We all live in stories — even inhabit them, like second skins. Stories anchor us in the world. They remind us who we are, and where we’ve come from. In the face of threat, we lean into their heroes and villains, good choices and bad ones. They assure us our moral compass is well-calibrated; that we are on the right side of history.
What happens when our stories fail us?

For many people, the violence shattering lives in the Middle East — and now convulsing U.S. college campuses — threatens the stories that ground us, orient us in our families and our communities, and give our lives meaning. I am a longtime scholar of Israel/Palestine, an active member of the Jewish community with loved ones in the Middle East — and a parent of two attentive children who are troubled, and confused, by what they see and hear. And I know my stories are failing me.
Americans bound to Palestine or Israel by history or family, religion or culture have lived these past seven months with our hearts in our throats. As we struggle to grasp indescribable violence and devastating loss, our emotions have run the gamut — abject horror, paralyzing fear, unspeakable outrage, crushing disappointment — but not necessarily at the same time, or for the same reasons.
Conversations with friends and family, students and colleagues — with and without regional ties — confirm how widely this welter of feelings is shared. At times, we feel like people’s moral compasses — maybe others’, maybe our own — are broken, or spinning out of control. Increasingly, so many of us struggle to hear and understand each other — including people we’ve long known and trusted.
Our stories hold us and nurture us — but they can also haunt us. Even for those with no direct experience of the Nakba, or the Shoah, these past months have reactivated what scholar Dominick LaCapra calls our “founding traumas” — collective memories of mass trauma that can be reactivated when a group feels threatened. Traumas like these leave wounds that endure across generations. As wisps of memory, they thread through the stories that shelter and guide us as children — and that warm us, and warn us, as we move into adulthood. Sometimes, they crystallize in fears and anxieties that burden our minds, our hearts, and even our bodies.
Inherited stories of violence, trauma, and loss can be powerful tools of collective memory and healing. But they can also shield us from uncomfortable, and inconvenient, truths. They can filter our news consumption, coax us into social media bubbles, and cut off opportunities to talk — or listen. If we retreat further into their embrace, the stories that comfort us can also harden our hearts and blind us to horrors we would roundly condemn if we counted those now suffering among “our own.”
Now is not the time to cling to stories that reassure us we are on the right side of history. Now is the time to ask tough questions, among them: Are the stories I inhabit — those that ground me in my community, and my community in the world — supplying the moral guidance I need right now? Are they clarifying my moral vision by helping me see the full humanity of all my human siblings — and the power of democracy in action? Or are they hardening my heart, stoking irrational fears, or keeping me from speaking out against fundamentally repugnant choices, words, and actions?
Do I have the courage to listen to stories other than my own, different from my own, parallel to my own — and risk being transformed?
Would I — do I — have the moral courage to see, and name, shattered myths and recognize their shards beneath my feet?
Founding traumas reverberate forcefully across time and generations — but not in any singular or straightforward way. The reactivation of a founding trauma can draw out the worst in humanity: a yearning for vengeance, wanton military destruction, even genocidal language — or actions. But these possibilities are not inevitable. The reactivation of traumas can also spark the opposite: Recognition of all humans’ shared vulnerability. A capacious sense of our interconnectedness and interdependence. An impulse to rise up, in voice and deed, when innocent people face violence and collective suffering, whatever terms we may use — or refuse — to call them.

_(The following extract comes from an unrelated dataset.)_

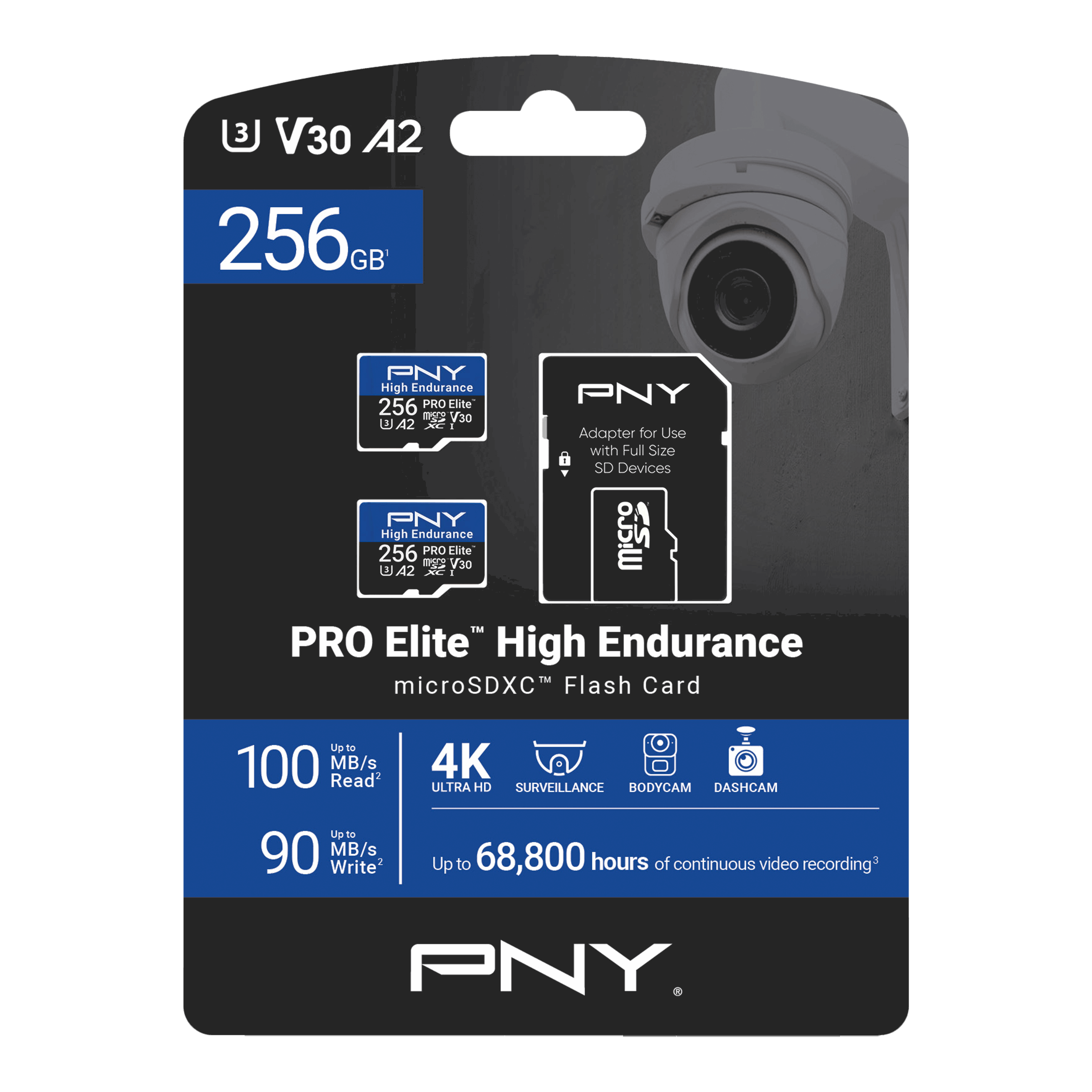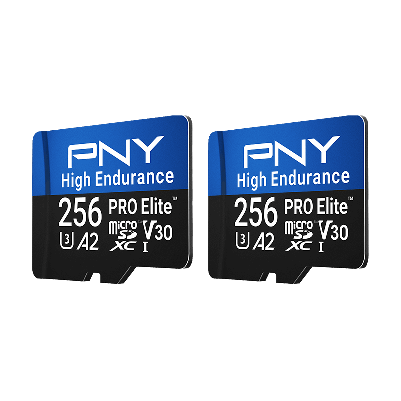 PNY PRO Elite™ High Endurance Class 10 U3 V30 A2 microSD Cards Flash Memory Cards are engineered for capturing continuous recording on surveillance and monitoring devices.4

Our old stories are failing us, but we can’t just swap in new ones. First, we need to recognize how our stories can haunt us, confuse us, and lead us astray. Only then can we weave new ones from old tatters, creating tapestries of pain and sorrow, joy and meaning that are strong enough to spark new ways of connecting across our grief, pain, fear, and outrage.
Sarah S. Willen of West Hartford is Associate Professor of Anthropology at the University of Connecticut, where she is also Co-Director of the Research Program on Global Health and Human Rights at the Human Rights Institute and affiliated faculty in Judaic Studies. She is also a member of the Connecticut Scholars Strategy Network.